Significance statement
We identified aging-associated fecal microbiota in a healthy population, which was lost in cholecystectomy patients. Absent intestinal bacteria, such as Bacteroides, were negatively related to secondary bile acids and may be a leading cause of colorectal cancer incidence in cholecystectomy patients. Our study provides novel insight into the connection between cholecystectomy-altered gut microbiota and colorectal carcinoma, which is of value for colorectal cancer diagnosis and management.

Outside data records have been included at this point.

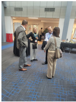
Networking break sponsored by Napeequa Concepts
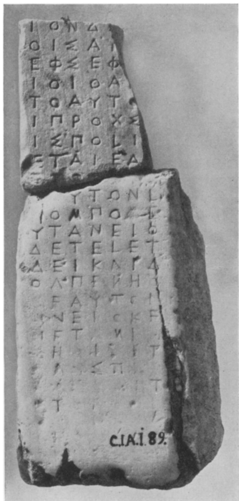
No. 22. I.G. , I 2 , 144, frag. c + I.G. , I 2 , 155

The secretary's name in line 2 seems to be 'Αρχικλῆ[ς] 'Αλαιοῦς. There is no doubt about the name proper, the only irregularity being that the letters kappa and lambda (Ionic) were crowded together; but the demotic has heretofore been read as 'Ωαιοῦς. This form is too short by one letter to fill the available space on the stone, and no trace of the omega can now be read with certainty. On the contrary, just to the left of the supposed omega there seems to be the lower tip of the right diagonal of alpha. With some hesitation, I propose the reading 'Αλαιοῦς. Two examples of the letter Ξ occur in line 1, but they are the only cases of Ionic lettering besides the lambda of line 2. Elsewhere the inscription is written in the Attic alphabet of the fifth century, and some of the letters (particularly nu) seem more archaic even than the date here suggested in 416/5 B.C.
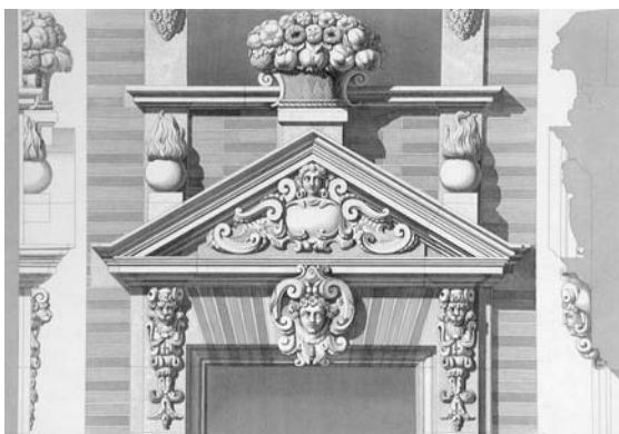
Style Louis XIII, Hôtel Palaminy... à Toulouse. [c1880]. 12 ¼" x 17 ½" (sheet). steel engraving. Paris: Motifs Historiques.
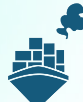
Ship at Berth
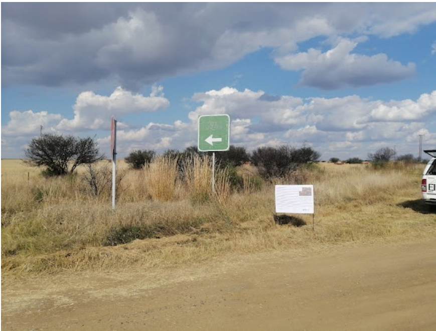
Site Notice 29

Site Notice: 17/05/2022 14:16:02; GPS Coordinates: -28.180543, 26.619509
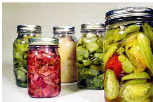
Figure 3. Packed pickling foods.

Pickling is a great way to keep perishable goods fresh for months. Herbs and spices with antimicrobial properties, such as mustard seed, garlic, cinnamon, and cloves, are frequently used. If there is enough moisture in the food, a pickling brine can be made simply by adding dry salt.
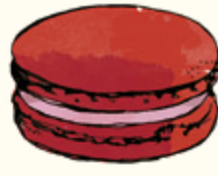
Silver Moon Tea & Strawberry
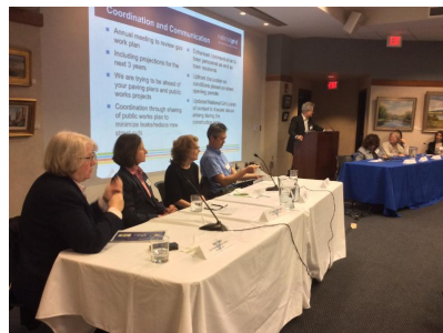
The Selectmen presided as experts outlined the problem and potential solutions.
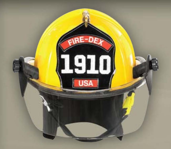
YELLOW STANDARD 1910™ with 4" visor

1910 STANDARD FEATURES Black NOMEX® with FR Fleece Lining Ear Cover 3M Scotchlite Solid Lime Yellow Trapezoid Trim Knit sweatband and nape
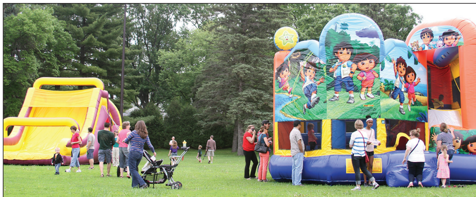
A bouncy castle, pony rides, dunk tank, ring toss, and other carnival games will be among the playful activities for young neighbors at the 50th-Anniversary Celebration of our neighborhood.
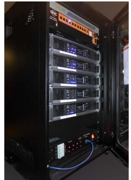
GDC's XSP and PMA-810

schedule without human intervention, saving labor and time costs and improving operation efficiency.
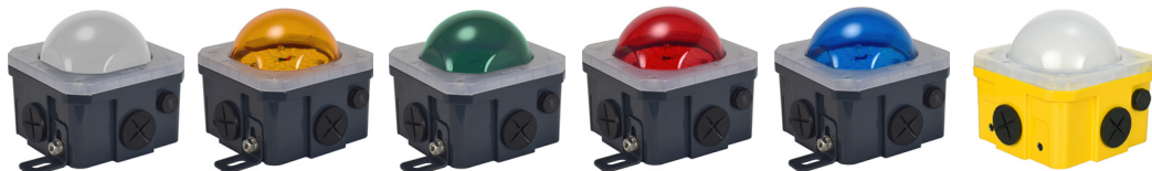
LSGM40180F LSGM40180A LSGM40180G LSGM40180R LSGM40180B LSYSM40180F*
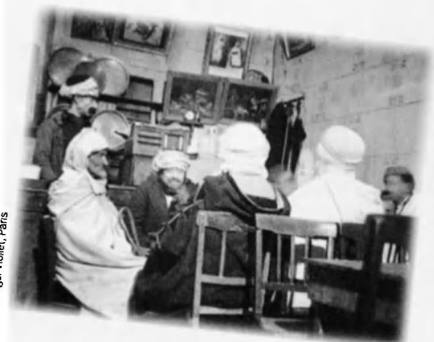
◀ Algerians listen to the radio in a café (1939).
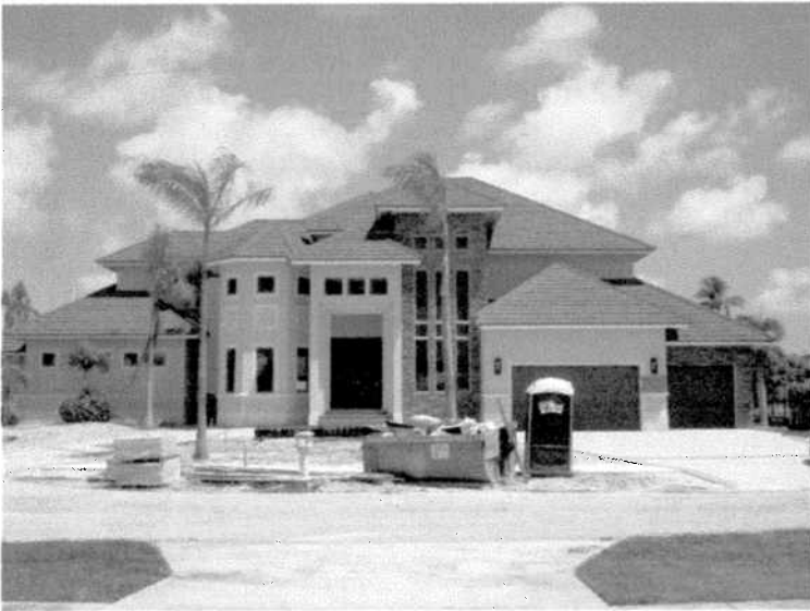
Front view taken 07/14/2011

If using the Elevation Certificate to obtain NFIP flood insurance, affix at least two building photographs below according to the instructions for Item A6. Identify all photographs with: date taken; "Front View" and "Rear View"; and, if required, "Right Side View" and "Left Side View." If submitting more photographs than will fit on this page, use the Continuation Page, following.
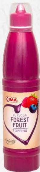
Forest Fruit 900 g
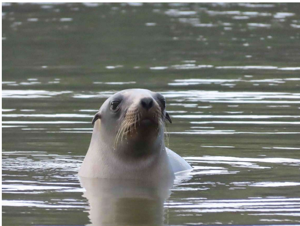
Other Wildlife (Mammals)
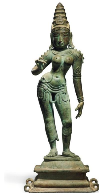
Lot 237 - A bronze figure of Parvati South India, Chola period, circa 1200 25 1/2 in. (65 cm.) high Estimate: $250,000-350,000
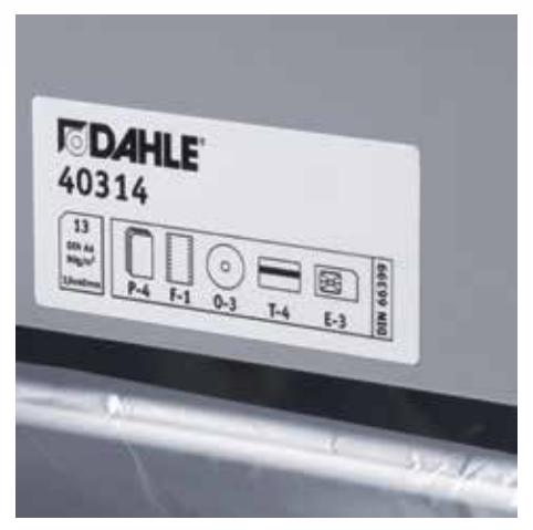
Clearly labelled performance characteristics on the top of the shredder help to ensure correct document shredder operation
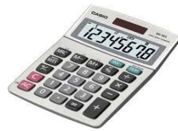
1 calculator-- (Dollar Tree)
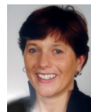
Joke Hermes Hogeschool Inholland / University of Amsterdam, The Netherlands From street credibility to media literacy
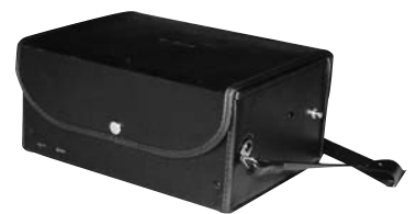
Hard Carrying Case
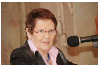
Prof. Rita Süßmuth

He also expressed his conviction that Syria stood to gain as hugely from cooperation with Europe as Europe did itself. He emphasized that peace could only be reached in the Middle East if all countries were involved and participated actively in the process, and that Syria itself had a key role to play. For this reason Syria could and should make a constructive contribution to the peace process. In this context, he welcomed the Initiative's Symposium as providing "outstanding support".
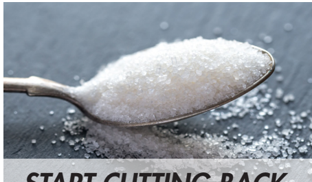
START CUTTING BACK.

Take steps to reduce or replace sugary drinks in your diet:
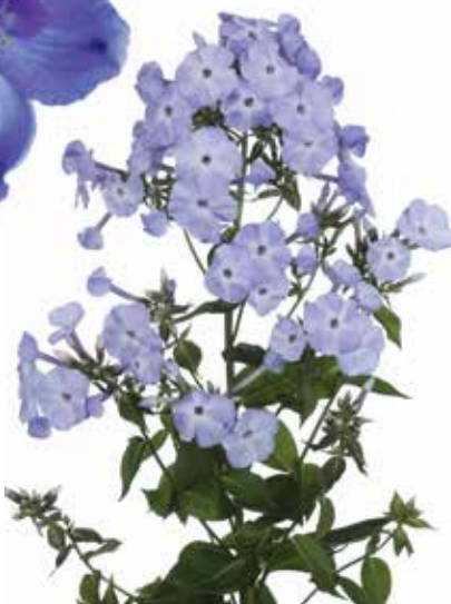
'MISS LOLITA' PHLOX Dümmen Orange
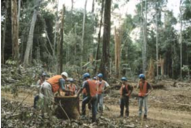
Conventional logging creates large gaps in the forest canopy, severely damages residual trees and has negative impacts on forest soils.

while two technicians assessed and recorded damage. Severity of damage to bole and crown, cause of damage, and health status of each tree in the census were assessed using a modification of the method reported by Johns et al. (1996), and is shown in Table 1.
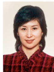
Pansy Ho, Managing Director, Shun Tak Holdings Limited
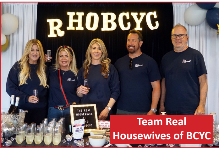
Team Real Housewives of BCYC
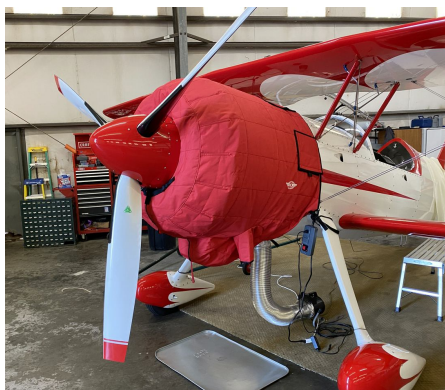
Pitts Model 12 Insulated Engine Cover

Covers developed this material combination especially for aircraft protection. The outer material is medium weight and treated for water resistance, UV resistance and anti-static buildup. The inner lining is a very soft and smooth microfiber to prevent scratching. The material is very reflective, and tests show that the cabin interior temperature can be reduced to near-ambient temperature on the hottest of days. It is water, ice and snow repellent, yet breathable to allow moisture to escape from between the cover and the aircraft surface.
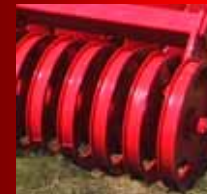
« U » roller Ø 500 mm

Keywords: cholecystectomy, intestinal bacteria, colorectal cancer, aging, bile acids
Introduction
The development, aging, and coevolution of hosts and microorganisms can impact the composition of gut commensal microbiota. Changes in composition can, in turn, reflect healthy, or unhealthy conditions in local and distant organs and provide a reliable diagnostic and therapeutic tool for human diseases (Qin et al., 2012, 2014; Zeller et al., 2014). On the one hand, intestinal immune and epithelial cells synthesize antibacterial peptides to establish the gut microbiota (Goldszmid and Trinchieri, 2012; Mowat and Agace, 2014; Hancock et al., 2016). On the other hand, certain gut microbiome species can elicit chronic inflammation and reactive oxygen species (ROS)-mediated genotoxicity or secrete DNA-damaging toxins to promote colorectal cancer (Wu et al., 2009; McCoy et al., 2013; Schwabe and Jobin, 2013; Sears and Garrett, 2014; Boleij et al., 2015). For example, colorectal cancer-associated Fusobacterium nucleatum, colibactin-producing Escherichia coli, and Bacteroides fragilis can induce carcinogenesis-promoting activation of WNT-β-catenin signaling (Cuevas-Ramos et al., 2010; Goodwin et al., 2011; Rubinstein et al., 2013), with antibiotic management shown to lower the incidence of colon cancer (Chen et al., 2008; Yoshimoto et al., 2013; Moss, 2017). We previously studied spatial heterogeneity and co-occurrence patterns of intestinal microbes, which were found to have a close relationship with colorectal cancer and hepatic encephalopathy (Geng et al., 2013, 2014; Zhang et al., 2013, 2014).
Cholecystectomies alter bile flow into the intestine and bidirectional interactions between bile acids (BAs) and intestinal microbiota, thereby increasing bacterial degradation of bile acids into fecal secondary bile acids (Malagelada et al., 1973; Hepner et al., 1974). Abnormal proximal colonic absorption of fecal secondary bile acids is a signal of right-sided colon cancer (Cook et al., 1940; Hill et al., 1975; Linos et al., 1981). It has been reported that post-cholecystectomy patients show considerable changes in bowel habits and increased loss of bile acids from the intestine (Sauter et al., 2002). Gallbladder-synthesized surfactant protein D selectively binds to gut commensal bacteria and plays a key role in intestinal susceptibility to dextran sulfate sodium-induced colitis, with previous study validating the inter-organ connection of the gallbladder with intestinal immune homeostasis (Sarashina-Kida et al., 2017). Cohort studies have also reported symptomatic gallstones and cholecystectomy to be associated with higher occurrences of gastric (Fall et al., 2007; Chen et al., 2014), small intestine (Johansen et al., 1996; Goldacre et al., 2012), and colon cancers (Fall et al., 2007; Goldacre et al., 2012; Chen et al., 2014; Zhang et al., 2017). Previous research has also indicated a risk of colorectal cancer within the first 5 years in post-cholecystectomy patients (Chen et al., 2014). However, the correlation between gut microbiota composition with post-cholecystectomy time remains to be uncovered.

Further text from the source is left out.